By optimizing the unit commitment model in a day-ahead rolling manner, the daily optimal scheduling strategies for coal-fired generators PCG*, U*, Y*, and Z* can be obtained, which set up the operation plans of generators. Let \(C_d^{{\mathrm{UC}}}\) be the optimal objective value of the unit commitment model for the dth day, representing the daily costs of thermal coal. Thus, the total thermal coal consumption during N days can be calculated as follows:

$$Q^{{\mathrm{GCoal}}} = \mathop {\sum}\limits_{d = 1}^N {(C_d^{{\mathrm{UC}}}{\mathrm{/}}\lambda ^{{\mathrm{Coal}}}),}$$
(17)

where QGCoal is the total thermal coal consumption, and λCoal is the price of thermal coal.

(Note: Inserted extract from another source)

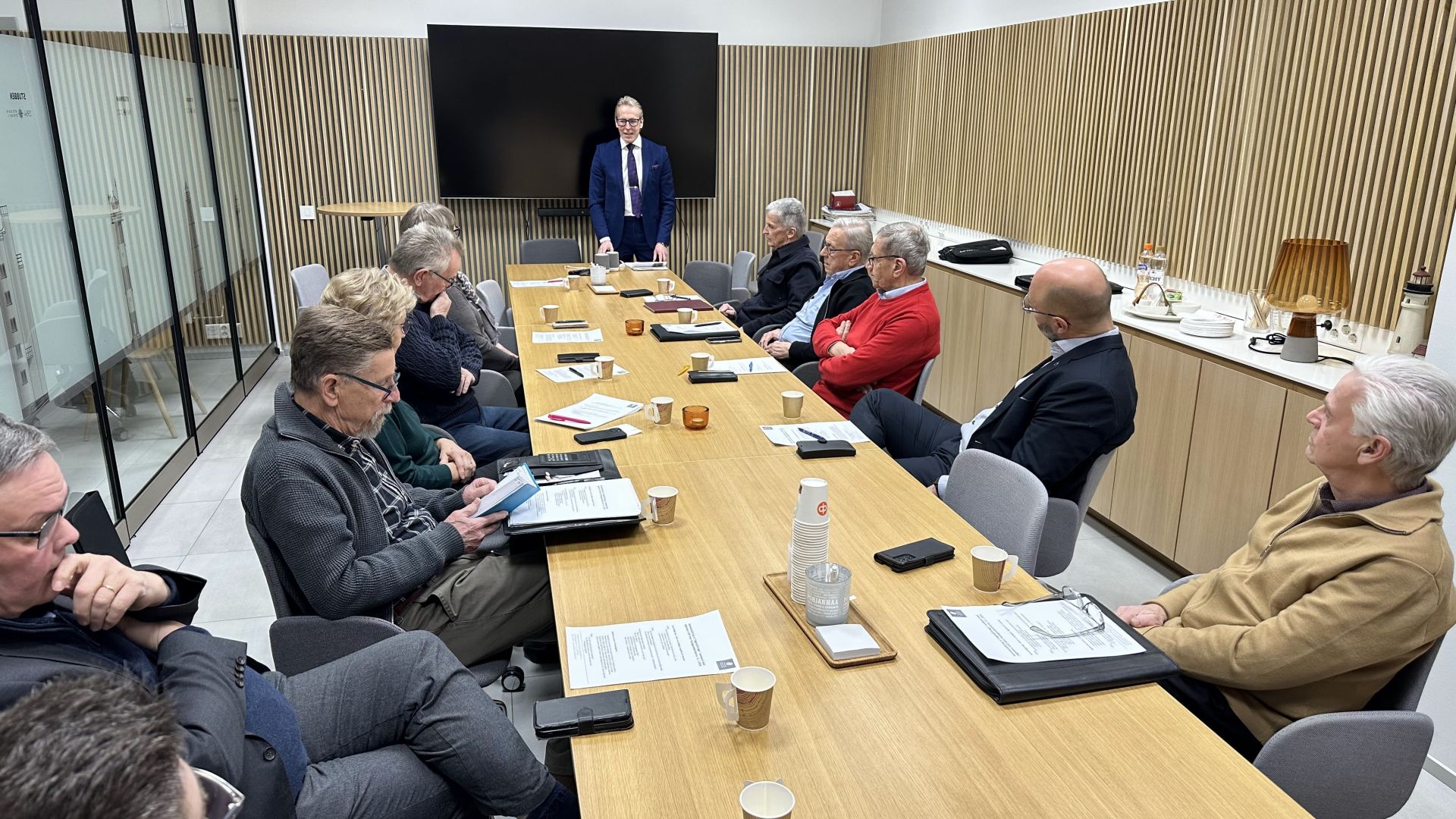 Vasa Andelsbanks avgående vd Ulf Nylund välkomnade regionstyrelsen och riksdagsledamöterna välkomna till banken för sista gången före hans pensionering. (foto: Patrick Ragnäs)

Note that in the power balance constraint (8), the renewable power, the interchange tie-line power and the system load are collected from power grid companies in four provinces. Given a renewable power and electric heating scenario, we can input the renewable power data and net electric heating load data into the unit commitment model accordingly, and obtain the associated thermal coal consumption. For example, for the scenario with additional renewable energy, we proportionally expand the hourly renewable power data. Based on these data, the unit commitment model is optimized and the total thermal coal consumption for this scenario can be obtained. Due to data limitation, power transmission and distribution networks are not incorporated in the electricity dispatch model.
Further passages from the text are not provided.